Not wanting to admit that something is wrong is a big problem. For me, it meant that I would have to admit to my husband that I was foolish when I insisted on carrying on with plans when clearly, I was not well. It also meant that I had been foolish to think I could eat what I wanted when I knew I really couldn’t without paying the price. Denial is a very stubborn and resistant layer.
Those soft layers inside of my gut were crumbling, the hard layer of my stubborn nature was quite unstable. Let’s just say I truly was on the verge of collapse.
Kale was not the answer to resetting my body in the scenario that I just recounted, but a sensible diet that include the types of foods I knew my GI tract could handle was. I began to make wise food choices. Just because I was on vacation, it did not mean that I could indulge in those foods I knew I could not eat.
I listened to my body. I rested when I was tired. Together my husband and I restructured our plans so that we had activity that included walking and taking in the sights but did not include hiking that might have been more than my current condition could handle.
There was so much beauty to be enjoyed in Sedona. I often wonder if I would have even enjoyed any of it if I had not taken the time to have a serious talk with myself about practicing self-care whether I was not vacation or not. Do others of you ever let self-care go out the window when you are on vacation?

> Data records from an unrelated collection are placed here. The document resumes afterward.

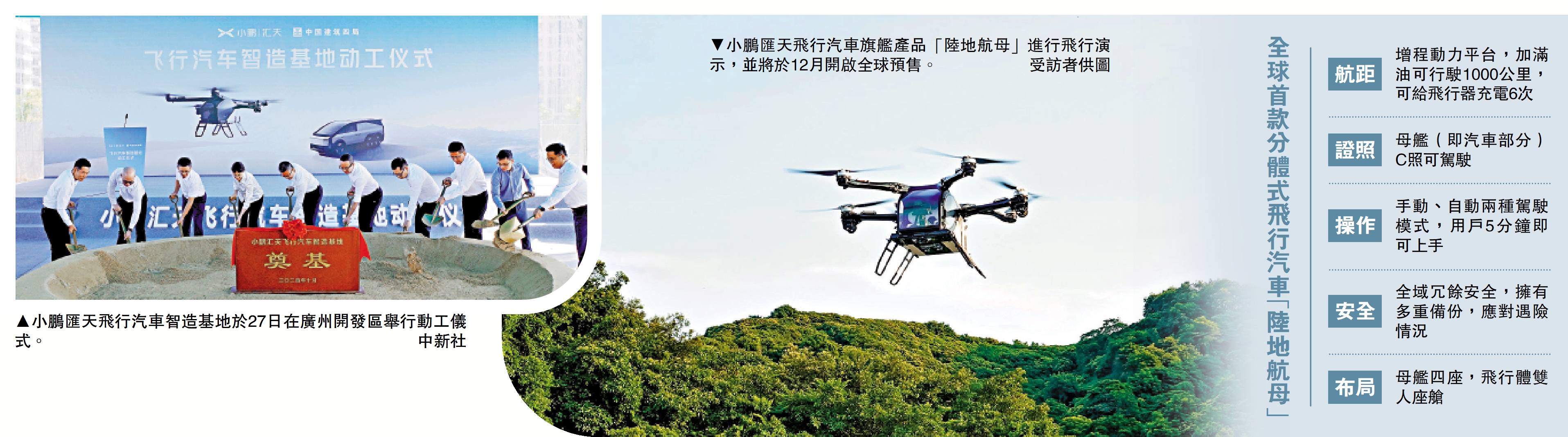 經多年自主研發,小鵬匯天開發出全球首個車載自動分合機構,一鍵操作便可實現陸行體和飛行體的自動分離、結合。去年10月,其分體式飛行汽車「陸地航母」首次公開亮相,今年9月,該航空器首次在廣州亮相並公開試飛並展示應用場景。
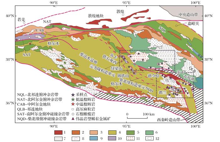 ... 1.太古宙—古元古代变质基地;2.中新元古代深变质岩石;3.新元古代(?)变质岩;4.新生代沉积岩;5.早古生代俯冲增生杂岩;6.早古生代沉积建造;7.晚古生代—中生代沉积建造;8.断层;9.HP/LT变质岩;10.超高压变质岩;11.花岗岩;12研究区Regional geological map of the northern Qaidam Basin(modified after Yu,2021)Fig.11.2 地层
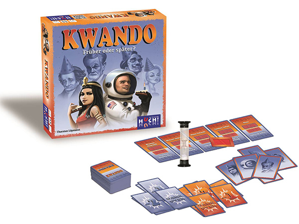 Kwando ist eine Kombination aus Anno Domini und dem Prominenten Tabu von 1993. Letztes ist nicht so bekannt wie das eigentliche Tabu, gehörte aber damals zu meinen Lieblingsspielen. Auch bei Kwando werden zwei Teams eingeteilt, die sich in knapp zwei sanduhrgestoppten Minuten untereinander die auf den Karten benannten Promis erklären. Das jeweils andere Team wacht derweil darüber, ob Fehler gemacht werden.

In the end, I learned some valuable lessons about resetting my body. No, I did not set my back to its factory settings while we were on this vacation because that would mean I would have to come up with a way to wipe away decades of living. Original factory settings are no longer possible. My body has changed. New rules apply as I learn to live in a body which is different than the one I had in my forties, my fifties, or even in my sixties; however, small changes can do wonders when it comes to resetting a body that is begging for restoration to optimum health.

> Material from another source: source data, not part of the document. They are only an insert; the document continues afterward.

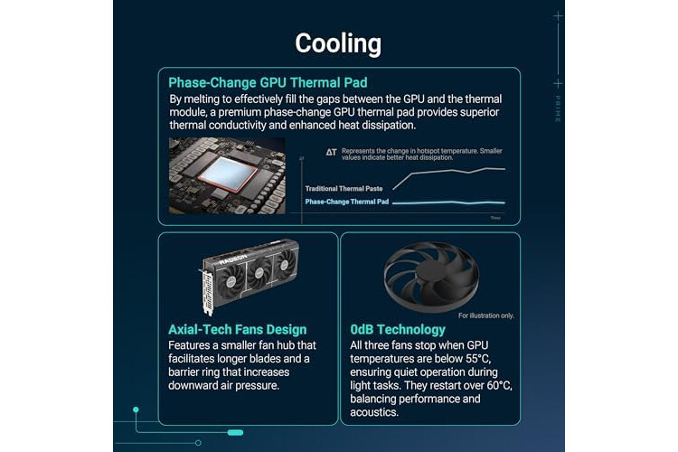• Phase-change GPU thermal pad helps ensure optimal heat transfer, lowering GPU temperatures for enhanced performance and reliability
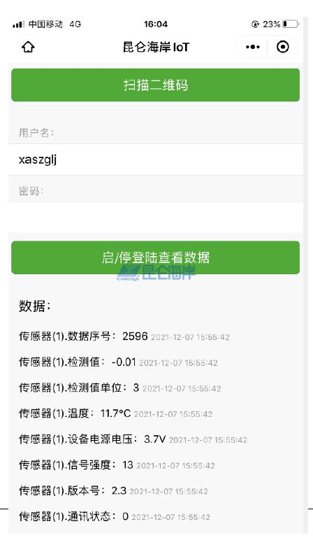 (2)进入扫码看数据页面,扫描壳体标签上的二维码。扫码后的数据展示。
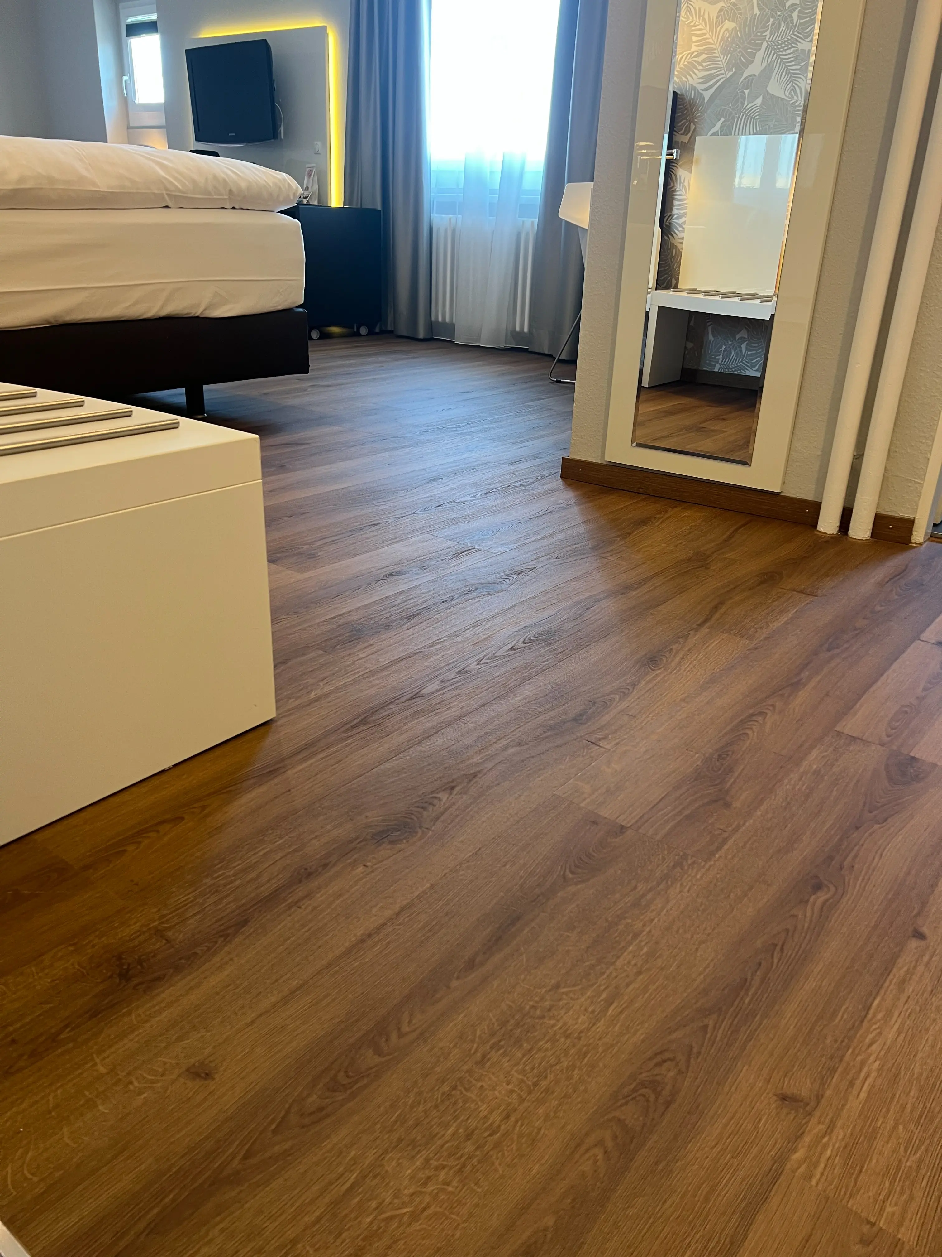 Robuste Vinylböden mit Wohlfühlfaktor. Tolle Bodenbeläge für neue Zimmer im Hotel Spalentor - vielen Dank für das Vertrauen!
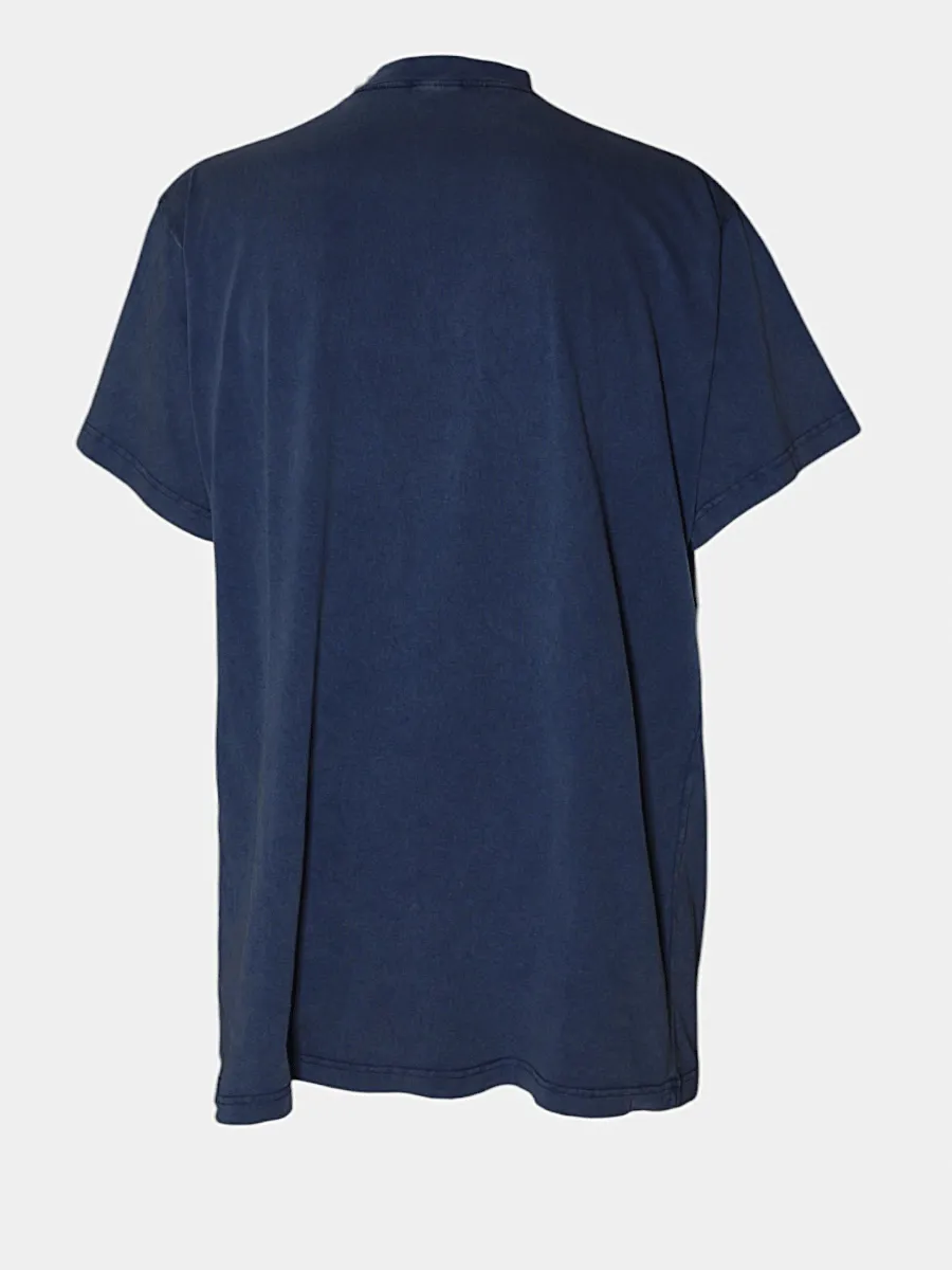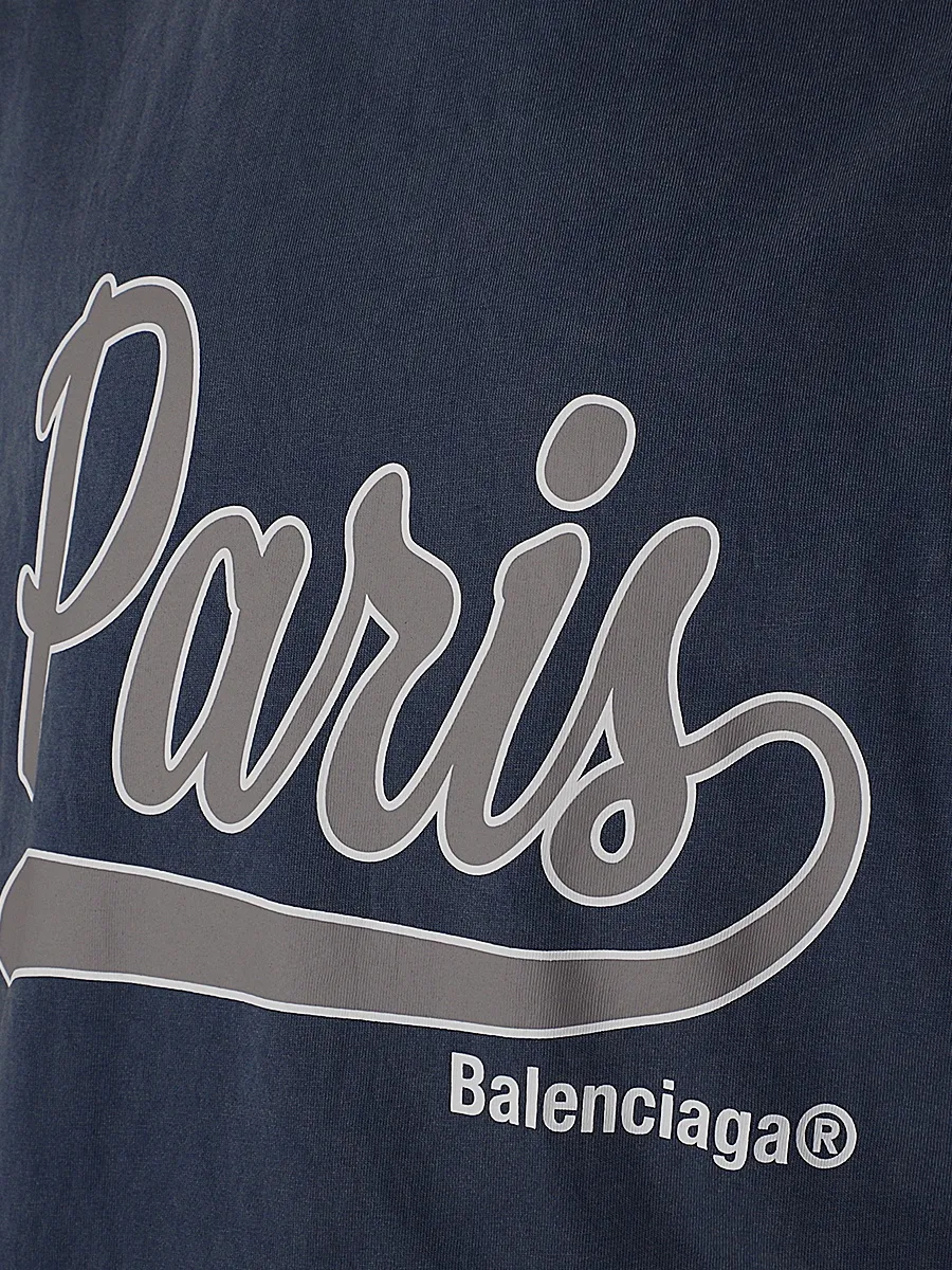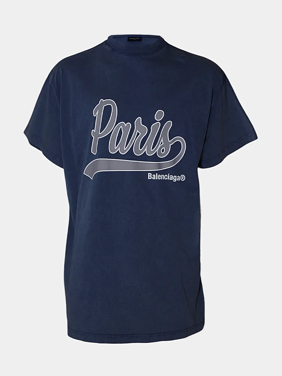 Футболка Balenciaga выполнена из хлопковой ткани тёмно-синего цвета с прямым кроем, дополнена крупным принтом «Paris» в стиле спортивного шрифта и логотипом бренда под ним; модель сочетает урбанистический характер и культурную отсылку — универсальный элемент современного повседневного образа.

· I began to listen to my body.
· I made positive dietary choices. (Those choices did not include kale!)
· I rested when I need to do so.
· I made sure I continued to exercise by walking and exploring the beautiful area where we were visiting.

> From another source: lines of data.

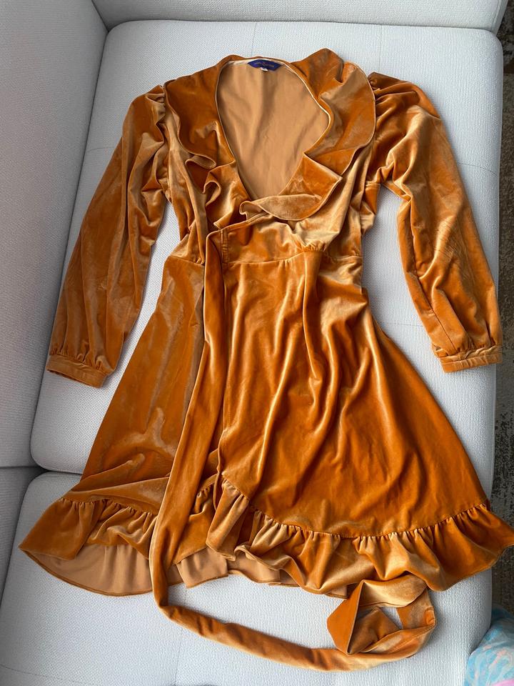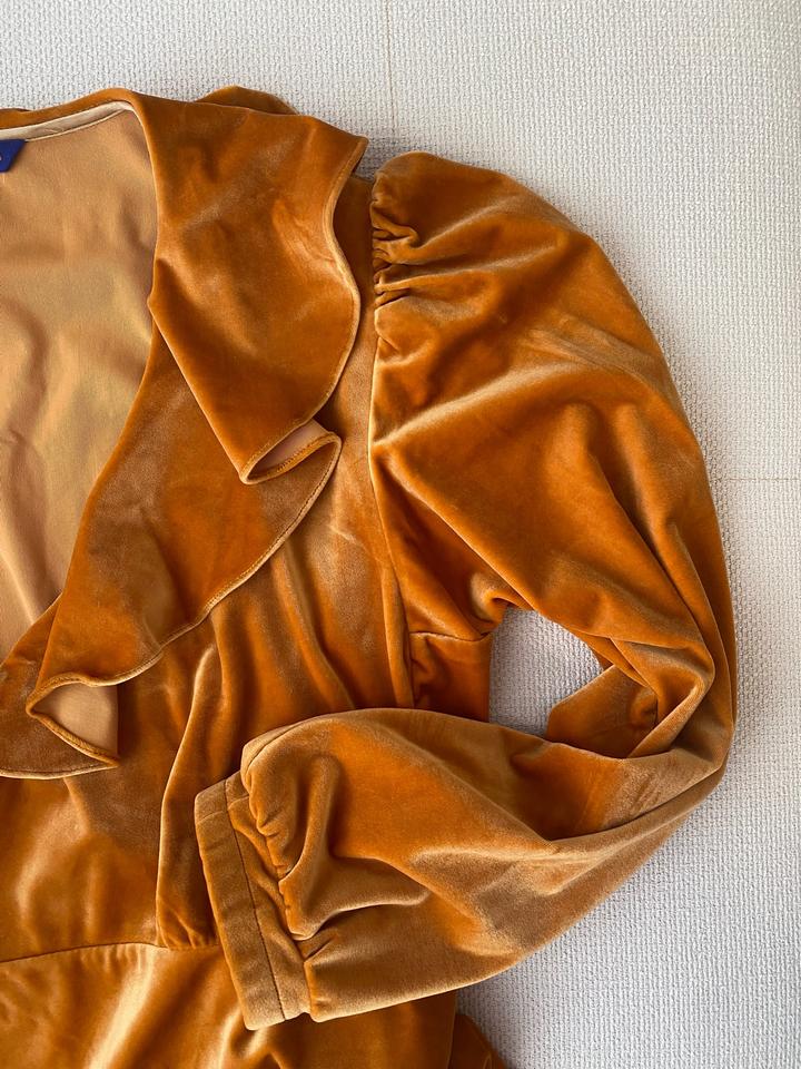 Велюровое платье на запах. горчичного цвета. Артикул: 554024
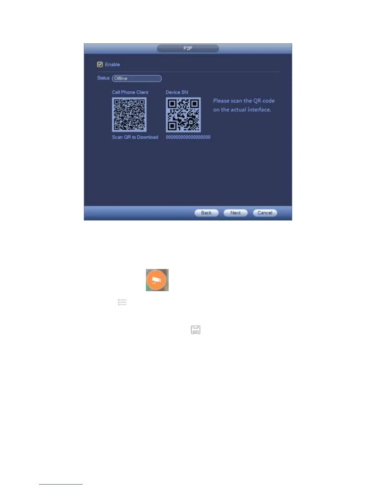 3. Tap Device manager button, you can use several modes (P2P/DDNS/IP and
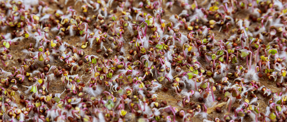 Sprouted seeds on linen mats for growing microgreens. Home grown micro greens in a plastic container.
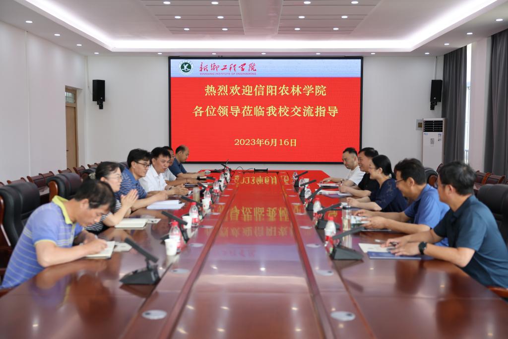 赵一鹏对张淮一行来访表示热烈欢迎,并介绍了我校基本概况、办学特色、专业建设及学校准备启动本科合格教学评估情况。张淮简要介绍了信阳农林学院的基本情况及教学质量监控评价工作情况,王学增介绍了本科教学合格评估的情况。

· I didn’t waste the experience by giving in to illness, but I let the illness instruct me on how to heal.
On our last day of the trip, I found these words written on a Coconino Forest Service sign in:
Can you hear the stream?
Feel a soft leaf or a sycamore.
Discover who lives here.
Answers to the questions such as the one asked by the sender of the text which I wrote about at the beginning of this post seldom have one answer. Kale, while it is a healthy food, and a food most of us wish to avoid, is not the answer to gaining a healthier lifestyle. Instead, I think we have to slow down and do these last three things which I found printed on a forest service sign.
We must listen to nature around us and to our bodies. We need to touch the positive and beautiful things in our lives. Yes, it is so important when things are out of balance to take time to get in touch with those things which are beautiful and positive in our lives. That means we must change our focus. We can't look on what ails us. We must look to what heals us. And finally, when we look closely, we can discover who it is that inhabits the body we now have.
Life is about change. Nothing stays the same. We will never live in the body that we were given when we left the factory. We must accept that and treat our bodies and minds and spirits with respect by giving all three what nourishes the body even if it sometimes includes, but is not limited to, kale.